What is the best method to make sure two people don't edit the same row on my web app?

Question

I have a PHP/jQuery/AJAX/MySQL app built for managing databases. I want to implement the ability to prevent multiple users from editing the same database row at the same time.

1. What is this called?
2. Do I use a token system and who ever has the token can edit it until they release the token?
3. Do I use a "last edit date/time" to compare you loading the HTML form with the time in the database and if the database is the most resent edit then it warns you?
4. Do I lock the row using database functions?

I'm just not sure which is the best. Assuming between 10 - 15 concurrent users

Answer 1

There are two general approaches-- optimistic and pessimistic locking.

Optimistic locking is generally much easier to implement in a web-based environment because it is fundamentally stateless. It scales much better as well. The downside is that it assumes that your users generally won't be trying to edit the same set of rows at the same time. For most applications, that's a very reasonable assumption but you'd have to verify that your application isn't one of the outliers where users would regularly be stepping on each other's toes.
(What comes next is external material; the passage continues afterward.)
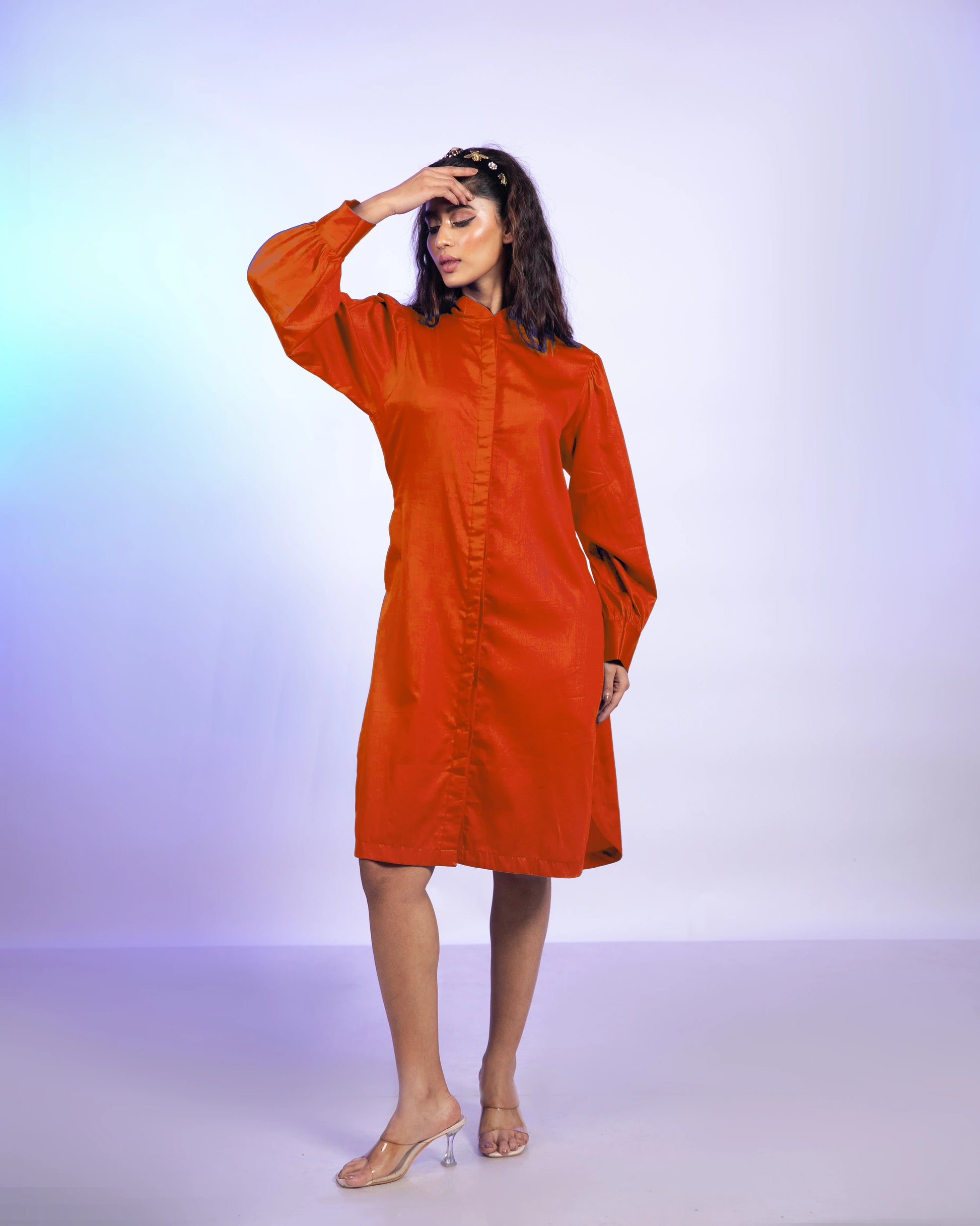 Bring uniqueness and ease to your everyday style with our dark orange cotton shirt dress, designed in a relaxed fit for ultimate comfort. Crafted from soft, breathable cotton, this full-sleeve dress pairs laid-back charm with rich, earthy tones. Whether you're heading to brunch, running errands, or working from home, this versatile piece adds effortless polish to any look.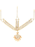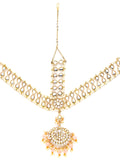 Karatcart Gold Plated Floral Shape Pink Beads Studded Handcrafted Kundan Mathapatti for Women

In optimistic locking, you would have some sort of last_modified_timestamp column that you would SELECT when a user fetched the data and then use in the WHERE clause when you go to update the date, i.e.

UPDATE table_name
   SET col1 = <<new value>>,
       col2 = <<new values>>,
       last_modified_timestamp = <<new timestamp>>
 WHERE primary_key = <<key column>>
   AND last_modified_timestamp = <<last modified timestamp you originally queried>>

If that updates 1 row, you know you were successful. Otherwise, if it updates 0 rows, you know that someone else has modified the data in the interim and you can take some action (generally showing the user the new data and asking them if they want to overwrite but you can adopt other conflict resolution approaches).

Pessimistic locking is more challenging to implement particularly in a web-based application particularly when users can close their browser without logging out or where users may start editing some data and go to lunch before hitting Submit. It makes it harder to scale and generally makes the application more difficult to administer. It's really only worth considering if users will regularly try to update the same rows or if updating a row takes a large amount of time for a user so it's worth letting them know up front that someone else has locked the row.